── DATA SHOWN ──
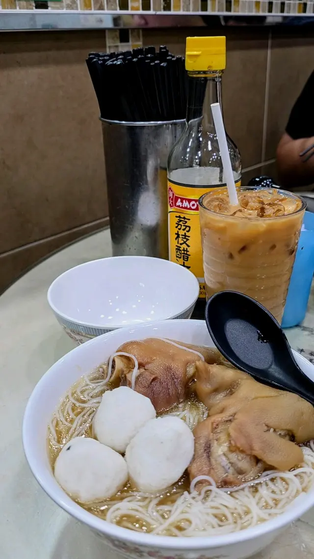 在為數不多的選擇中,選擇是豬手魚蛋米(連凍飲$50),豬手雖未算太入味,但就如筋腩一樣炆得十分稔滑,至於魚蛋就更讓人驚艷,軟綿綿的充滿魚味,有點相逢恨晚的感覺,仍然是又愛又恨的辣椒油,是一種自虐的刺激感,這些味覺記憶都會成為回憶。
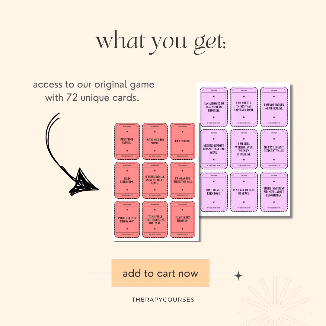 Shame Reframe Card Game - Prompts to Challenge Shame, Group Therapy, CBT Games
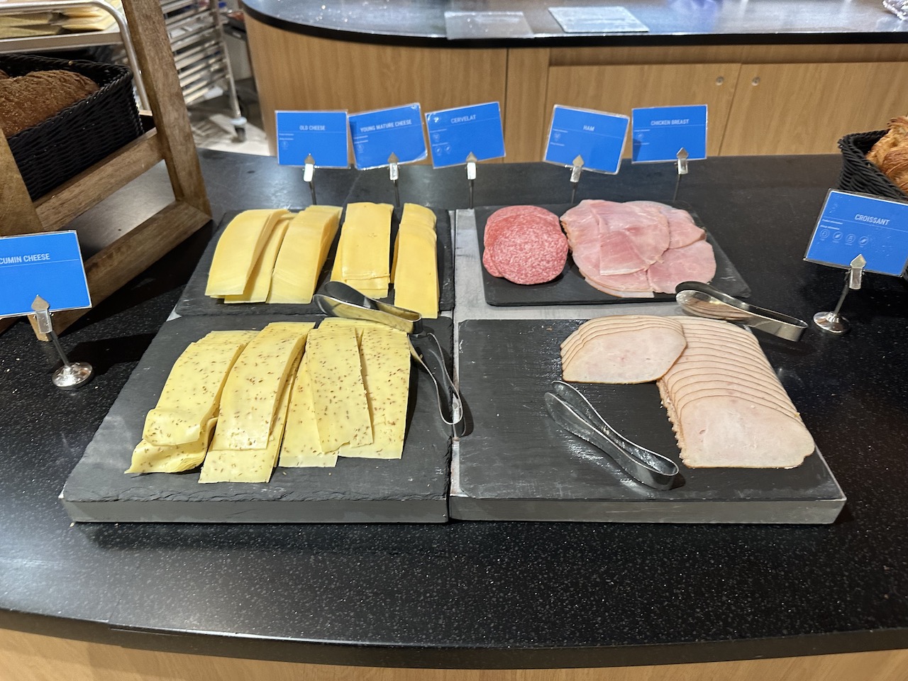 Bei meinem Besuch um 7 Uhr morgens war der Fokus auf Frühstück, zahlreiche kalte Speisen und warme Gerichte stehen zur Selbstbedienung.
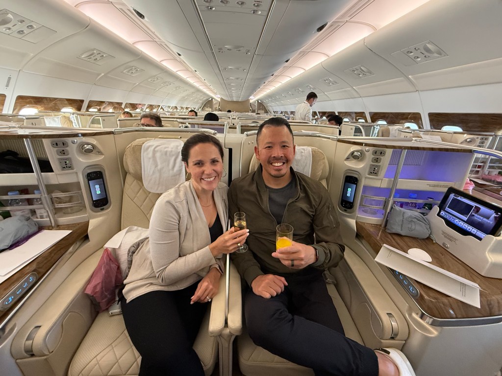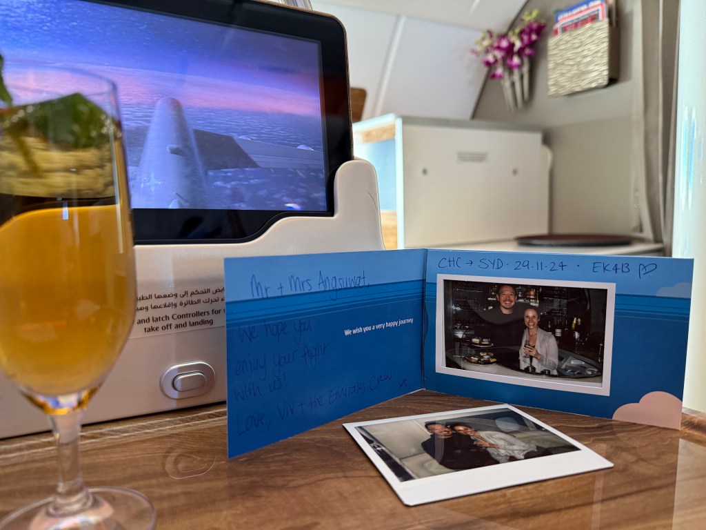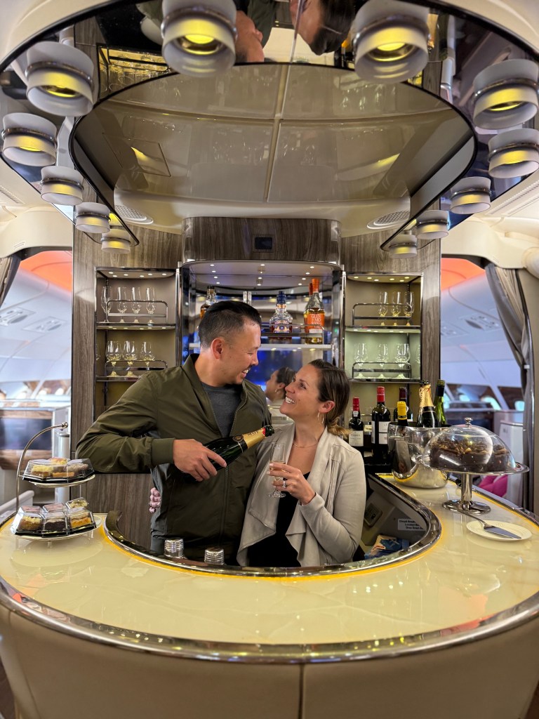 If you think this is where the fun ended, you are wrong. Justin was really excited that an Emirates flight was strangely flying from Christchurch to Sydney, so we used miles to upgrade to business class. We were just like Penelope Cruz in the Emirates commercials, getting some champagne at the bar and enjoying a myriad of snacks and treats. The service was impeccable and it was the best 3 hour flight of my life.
───
• PROBLEM TO WORK ON
Hand back every line of the material, exactly, without the pictures.

• EXERCISE SOLUTION
 在為數不多的選擇中,選擇是豬手魚蛋米(連凍飲$50),豬手雖未算太入味,但就如筋腩一樣炆得十分稔滑,至於魚蛋就更讓人驚艷,軟綿綿的充滿魚味,有點相逢恨晚的感覺,仍然是又愛又恨的辣椒油,是一種自虐的刺激感,這些味覺記憶都會成為回憶。
 Shame Reframe Card Game - Prompts to Challenge Shame, Group Therapy, CBT Games
 Bei meinem Besuch um 7 Uhr morgens war der Fokus auf Frühstück, zahlreiche kalte Speisen und warme Gerichte stehen zur Selbstbedienung.
 If you think this is where the fun ended, you are wrong. Justin was really excited that an Emirates flight was strangely flying from Christchurch to Sydney, so we used miles to upgrade to business class. We were just like Penelope Cruz in the Emirates commercials, getting some champagne at the bar and enjoying a myriad of snacks and treats. The service was impeccable and it was the best 3 hour flight of my life.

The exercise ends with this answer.